Preternature: Critical and Historical Studies on the Preternatural
Do we need to sort of gear up again and improve science education? Because I talked to my students, and many of them think of themselves as being very scientifically literate, you know? Of course, you know, maybe self-report is not the best, you know, measure here. But they see themselves as being very scientifically literate, because they have access to the internet and Bill Nye the Science Guy, and all that.
They have a lot of beliefs that would never pass muster in any kind of scientific testing. And this is even a secular-minded sort of response, because you could end up with a kind of break-out organism, where unintended consequences of the genetic modification have now turned back and is harming the human population.
I know that there have been serious treatments. There was the Robert De Niro film a few years ago where they really tried to get back to the original book. But why was Frankenstein the book so important in the history of monsters? But I think if you go back to the original novel, it bears repeated readings. And he turned it on, you know, by writing truth on its forehead. But like the Frankenstein creature, it was just a giant, bumbling, powerful creature, but also stupid.
So, here science was growing by leaps and bounds and solving many medical problems, in particular. But also people felt that it was turning the human being into essentially a kind of very complicated machine. I mean, if you could make a pastiche or hybrid creature from parts of other humans, and maybe other animals, and then just charge it with electricity, sort of, in the Galvani, you know, technique, and spark it to life, then the sort of spiritual status of human beings became — came under question for a lot of people. And when I say liberal, I mean, you know, small L liberal, the Western tradition of increasing tolerance.
So, what you found in Frankenstein was not just the kind of evil-doer that you saw in earlier monster stories, like Grendel in Beowulf, for example. This person is wounded. This person is hurt. You know, maybe they need a hug, or, you know, something like this. So, Frankenstein got that going, I think. Like, what is this whole franchise of Shrek, you know?
On Monsters: An Unnatural History of Our Worst Fears by Stephen T Asma | The Sunday Times
So, we have a lot of these kinds of stories. Some of the characters have microcephaly, so very small heads. You have people that are just different, and they were, you know, so-called freaks. And that is an interesting reversal of what I would call the old pagan monster stories, where you just have heroes versus monsters. We call it the podcast about the power of genetic information. Side show attractions were really popular in the 19 th century in the US, thanks to Barnum and others.

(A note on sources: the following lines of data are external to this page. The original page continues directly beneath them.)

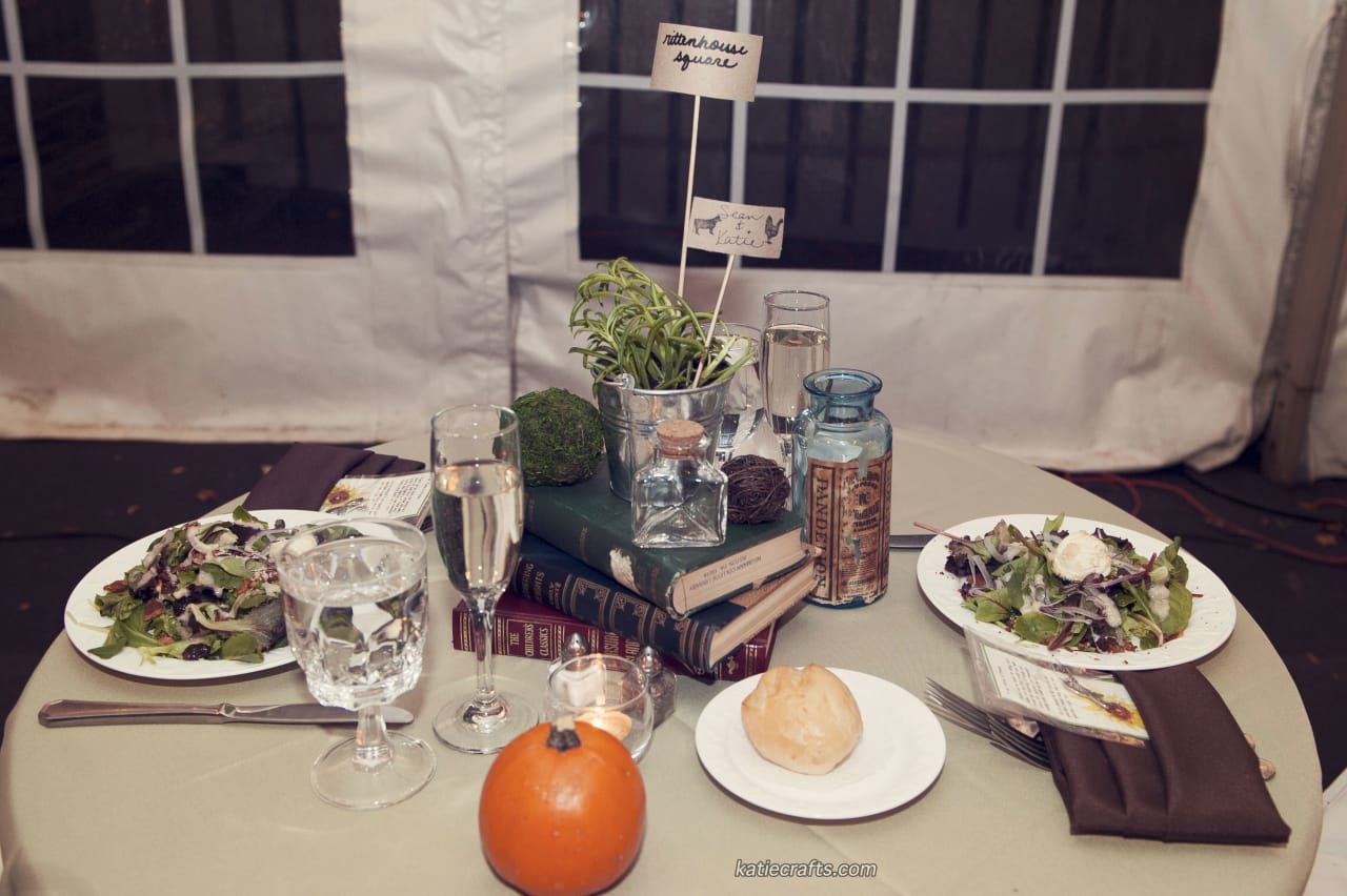Each and every tablescape was unique: a collection of various old books, pumpkins, candles, balls, plants and more. Each table had a disposable camera on it with it’s own version of “I SPY” so that no two photos would be the same. We haven’t developed these yet!! Hopefully for our two year anniversary we will!!! (Need ideas for your own I SPY game? Here are the lists we used for ours!)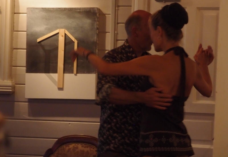 | Det fantes også tangodansere blant publikum som ikke kunne la være å prøve noen trinn ute på gangen.. |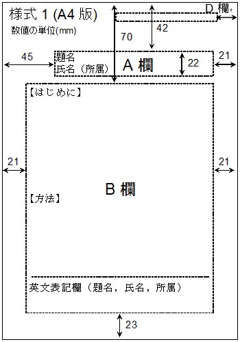 | その他の注意 | 図表のタイトル及び内容については、日本語または英文で作成してください。実際の要旨集では約86%に縮小印刷されます。 また, 白黒で印刷されますので, カラーの使用は避けて下さい。文字・画像の網掛け等はつぶれる恐れがありますので注意して下さい。 なお, 討論会までの講演要旨集の編集期間が短いことから, 要旨の提出・郵送の期限 (4/16) の厳守へのご協力を重ねてお願いいたします。 電子メールによるファイル送付が困難な場合には、事務局までご連絡ください。 |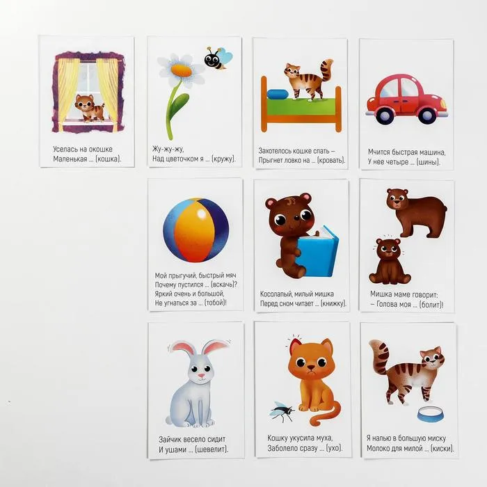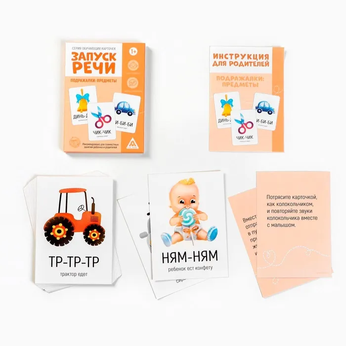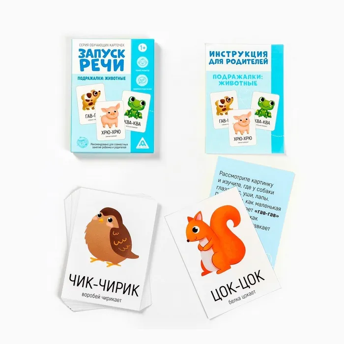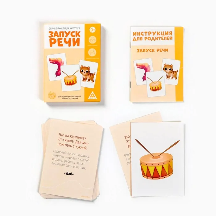 Переживаете, что ребёнок никак не заговорит? Хотите заниматься дома, но не знаете, с чего начать? Специально для запуска речи у самых маленьких деток мы совместно с педагогом и психологом Дарьей Даяновой разработали набор из 6 видов обучающих карточек, которые помогут отработать первые звуки и слова, а также развить мелкую моторику.

Some of them are my friends. And they host a Congress of Curious People every year at Coney Island where people who are different will actually display themselves. One is why are bodies that are different so —. Yeah, why do they draw us in, you know? And the mind is a cognitive system, and it processes the world, and it categorizes the world. And what we now know from increasing, you know, studies in psychology and cognitive science is that that is — that arouses the cognitive system, and it draws your attention, and you become curious. Either by signing into your account or linking your membership details before your order is placed.